Data for this task START

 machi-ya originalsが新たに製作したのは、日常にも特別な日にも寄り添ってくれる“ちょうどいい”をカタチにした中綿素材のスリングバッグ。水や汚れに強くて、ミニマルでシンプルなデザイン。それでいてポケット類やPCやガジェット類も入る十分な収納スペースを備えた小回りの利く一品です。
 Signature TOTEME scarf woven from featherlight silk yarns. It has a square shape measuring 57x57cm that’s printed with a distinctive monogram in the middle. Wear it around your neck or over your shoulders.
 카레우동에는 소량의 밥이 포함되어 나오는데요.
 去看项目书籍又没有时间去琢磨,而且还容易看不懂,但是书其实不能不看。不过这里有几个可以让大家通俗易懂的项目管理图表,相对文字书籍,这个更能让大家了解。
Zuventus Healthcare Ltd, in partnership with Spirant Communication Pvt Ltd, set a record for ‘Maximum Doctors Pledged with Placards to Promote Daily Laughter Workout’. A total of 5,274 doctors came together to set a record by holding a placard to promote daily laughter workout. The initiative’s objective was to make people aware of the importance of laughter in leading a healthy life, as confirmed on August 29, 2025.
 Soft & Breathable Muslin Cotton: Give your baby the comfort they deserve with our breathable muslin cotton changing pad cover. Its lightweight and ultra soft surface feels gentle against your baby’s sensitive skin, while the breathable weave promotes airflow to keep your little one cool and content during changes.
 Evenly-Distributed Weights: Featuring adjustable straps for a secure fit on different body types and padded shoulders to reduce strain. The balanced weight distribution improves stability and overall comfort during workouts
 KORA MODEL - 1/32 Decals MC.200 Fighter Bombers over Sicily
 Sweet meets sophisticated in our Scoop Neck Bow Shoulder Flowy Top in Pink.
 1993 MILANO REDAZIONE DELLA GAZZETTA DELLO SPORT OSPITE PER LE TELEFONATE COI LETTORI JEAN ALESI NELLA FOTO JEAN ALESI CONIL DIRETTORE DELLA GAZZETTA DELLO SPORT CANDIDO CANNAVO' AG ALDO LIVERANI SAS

Data for this task END

> Work instruction
Transcribe the records. Keep every word exactly as it stands.

> Output of the task
 machi-ya originalsが新たに製作したのは、日常にも特別な日にも寄り添ってくれる“ちょうどいい”をカタチにした中綿素材のスリングバッグ。水や汚れに強くて、ミニマルでシンプルなデザイン。それでいてポケット類やPCやガジェット類も入る十分な収納スペースを備えた小回りの利く一品です。
 Signature TOTEME scarf woven from featherlight silk yarns. It has a square shape measuring 57x57cm that’s printed with a distinctive monogram in the middle. Wear it around your neck or over your shoulders.
 카레우동에는 소량의 밥이 포함되어 나오는데요.
 去看项目书籍又没有时间去琢磨,而且还容易看不懂,但是书其实不能不看。不过这里有几个可以让大家通俗易懂的项目管理图表,相对文字书籍,这个更能让大家了解。
Zuventus Healthcare Ltd, in partnership with Spirant Communication Pvt Ltd, set a record for ‘Maximum Doctors Pledged with Placards to Promote Daily Laughter Workout’. A total of 5,274 doctors came together to set a record by holding a placard to promote daily laughter workout. The initiative’s objective was to make people aware of the importance of laughter in leading a healthy life, as confirmed on August 29, 2025.
 Soft & Breathable Muslin Cotton: Give your baby the comfort they deserve with our breathable muslin cotton changing pad cover. Its lightweight and ultra soft surface feels gentle against your baby’s sensitive skin, while the breathable weave promotes airflow to keep your little one cool and content during changes.
 Evenly-Distributed Weights: Featuring adjustable straps for a secure fit on different body types and padded shoulders to reduce strain. The balanced weight distribution improves stability and overall comfort during workouts
 KORA MODEL - 1/32 Decals MC.200 Fighter Bombers over Sicily
 Sweet meets sophisticated in our Scoop Neck Bow Shoulder Flowy Top in Pink.
 1993 MILANO REDAZIONE DELLA GAZZETTA DELLO SPORT OSPITE PER LE TELEFONATE COI LETTORI JEAN ALESI NELLA FOTO JEAN ALESI CONIL DIRETTORE DELLA GAZZETTA DELLO SPORT CANDIDO CANNAVO' AG ALDO LIVERANI SAS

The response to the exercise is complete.